Данилыч услышал стук, слышимый обычно когда человек стучит костяшками пальцев по лбу.
– Я чуть не озверел, – устало продолжал успокоившийся немного Стрелков, – сколько, думаю, талдычить можно? Мы ж в космическую эру, мать твою, живем, каких только экспериментов не проводят! Лекарство от СПИДа ищут, генетикой не хило занимаются, свиней клонируют. Вот и меня клонировали, – после небольшой паузы с горькой усмешкой добавил он. – Я ж тебе сказал, как это случилось.
Он натянуто рассмеялся. Данилыч опасливо посмотрел в пустоту, под которой шевелилась табуретка, и растерянно пожал плечами.

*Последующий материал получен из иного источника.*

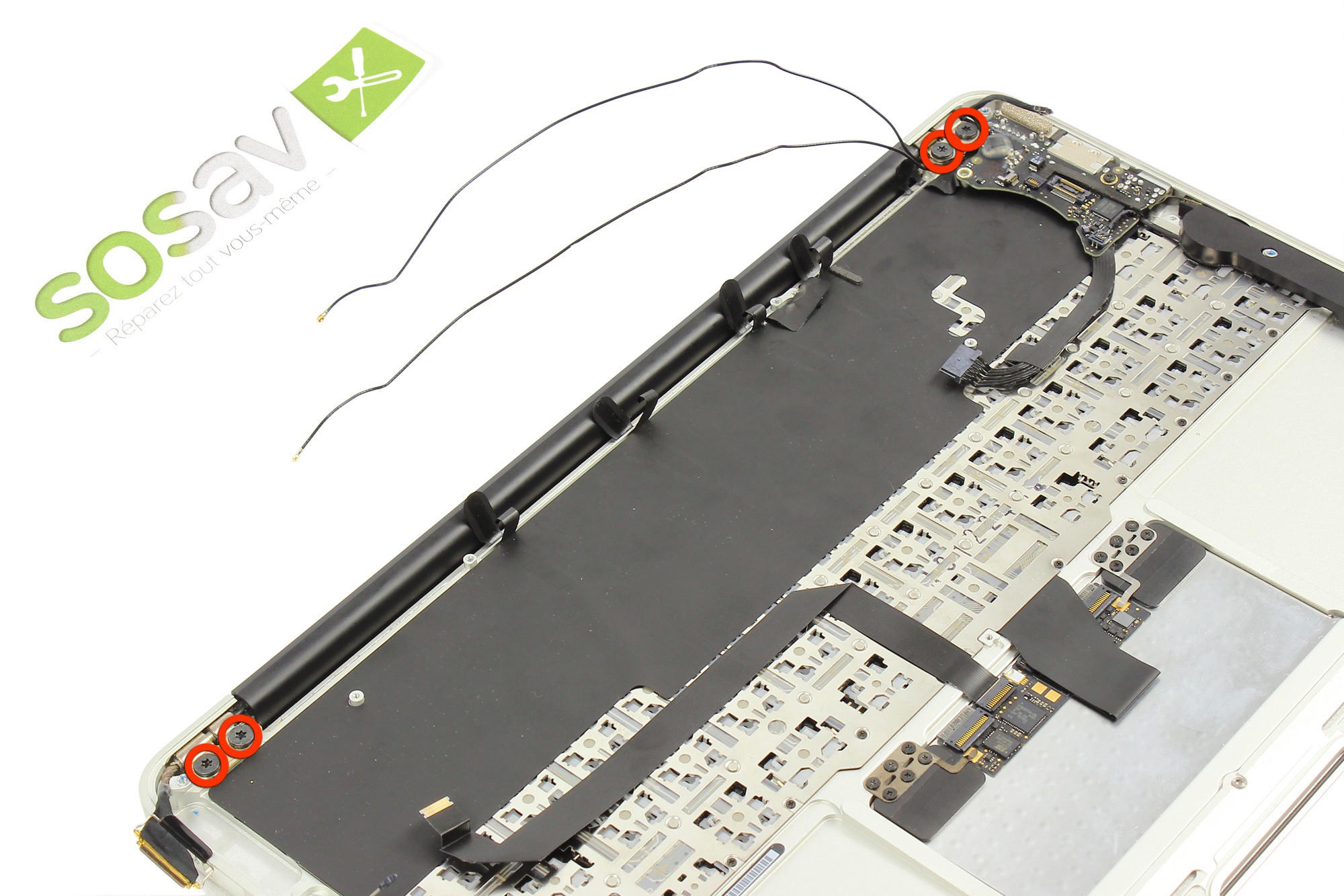 Sortez désormais les 2 antennes de l'ergo qui les retiennent à la carte mère.

– Я, конечно, понимаю, – вел неспешный разговор Стрелков, – в это трудно поверить, но и меня понять можно! В этой засекреченной лаборатории даже двери по отпечаткам пальцев открываются. Всех там покоцали, а я в живых просто чудом остался, – бутылка пива взлетела вверх и раздалось знакомое бульканье, – благодаря тому, что невидимым стал. О! Хочешь фокус покажу?
Стрелков снял пиджак и накрыл им маленькую кривую настольную лампу, стоявшую на подоконнике. Лампа исчезла.

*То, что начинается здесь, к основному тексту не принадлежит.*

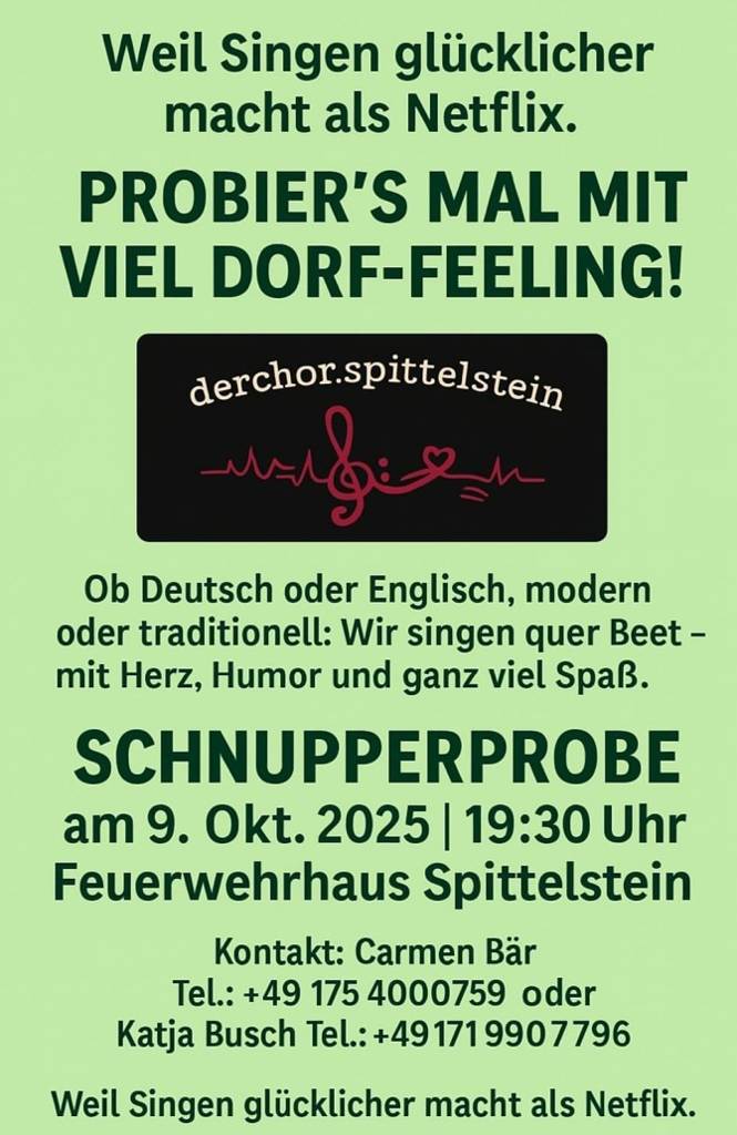 derchor.spittelstein freut sich über interessierte Singbegeisterte in fröhlicher Runde

– В цирк записываться можно, – надсадно засмеялся Сергей, отчего у Данилыча по телу забегали мурашки. – А профессора я этого видел, он жив остался. Уж я-то спрошу с него по полной программе, можешь мне поверить! – мстительно процедил он.
– И что же теперь будет? – выдавил из себя Данилыч в рамках плана "игры с расстройством".
– А хрен его знает! – с деланной беззаботностью ответил Стрелков, – Жить будем, пиво-водку пить… А вот с бабами… – он призадумался.
– Да-а-а, – сочувственно вздохнул Данилыч, – доказать будет трудно.
– А и доказывать нечего! – вскипел Стрелков, – ежели я есть, ну, тело – просто его не видно – значит, и хрен на месте, – он опробовал названное место и остался доволен, – им что, сучкам надо? – просиял он, – чтобы их трахали.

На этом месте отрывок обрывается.